4.1 Setting Up Module Tests

The {box} package works seamlessly with {testthat}, R’s most popular testing framework. While you can use other testing frameworks, this guide focuses on testthat because of its widespread adoption and excellent integration with RStudio.

4.1.1 Getting Started

Let us revisit the {./module} directory from what Chapter 3.1 is on about, and let us test the robustness of {./module/matrix_ops.r}, where it overloads * and ^ from base R for matrix operations. Update {./module} by creating another subfolder named __tests__/, next to your module file. The double underscores make it clear this is special infrastructure code, not a regular module.

This is the structure should look like:

module/
├── __init__.r
├── convert.r
├── hello_world.r
├── matrix_ops.r               # ◄─── Test this
├── __tests__/                 # ◄─── Add this
│   ├── __init__.r
│   ├── helper-module.r
│   └── test-matrix_ops.r
├── not_func.r
├── tables.r
└── statistics/
    ├── __init__.r
    ├── cor.r
    ├── corrr.r
    ├── time_series.r
    └── models/
        ├── __init__.r
        ├── linear.r
        ├── logistic.r
        └── baseline_logit.r

The {./module/tests/init.r} file serves as the test runner.
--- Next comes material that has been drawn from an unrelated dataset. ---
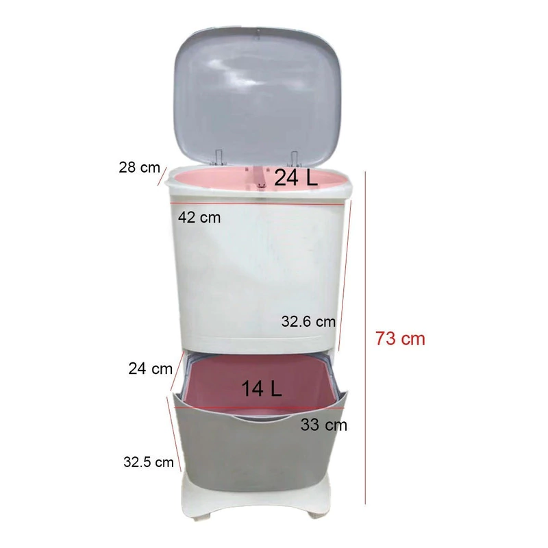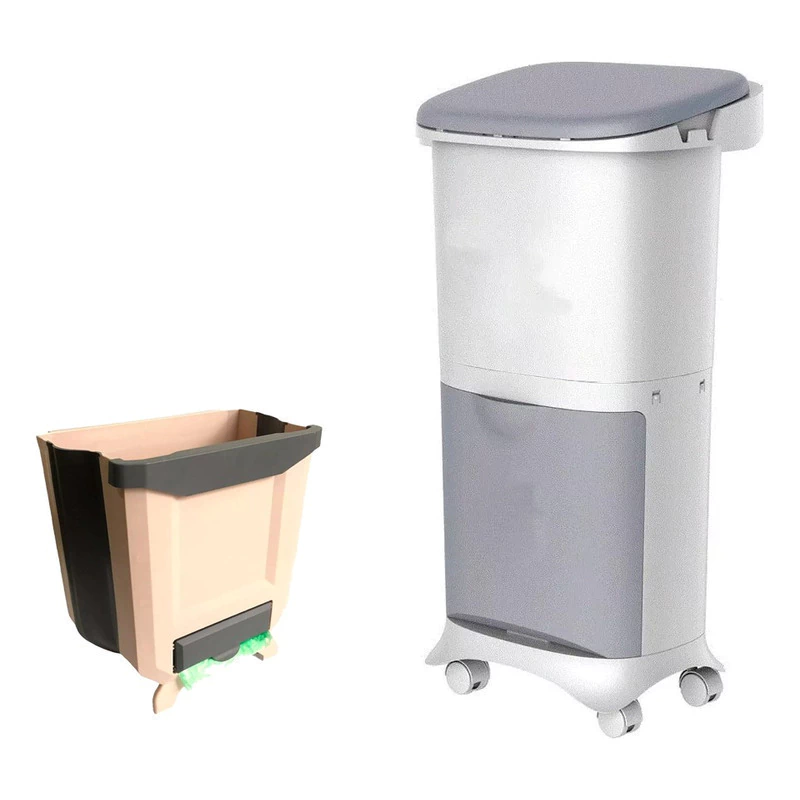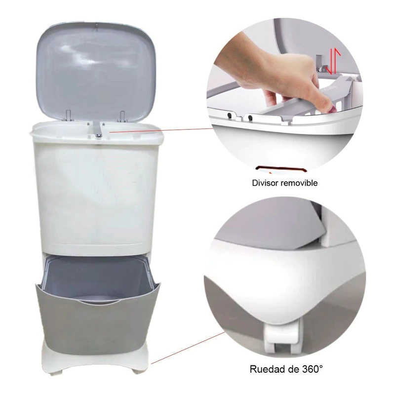 Uno de 38 Litros de 2 contenedores y un tacho plegable con dispensador.

It’s minimal but essential:

box::use(testthat[...])

.on_load = function (ns) {
    test_dir(box::file(), reporter = 'progress')
}

box::export()

The .on_load hook ensures tests run automatically when the __tests__ module loads. Using box::file() gives us the current directory path.

The {./module/tests/helper-module.r} file loads the namespace of the module you want to test into the test environment. In our case, we choose {./module/matrix_ops.r}:

box::use(../matrix_ops[...])

The [...] syntax attaches all exported functions, and we are applying this to make the exports of the module namespace available in tests without prefixes.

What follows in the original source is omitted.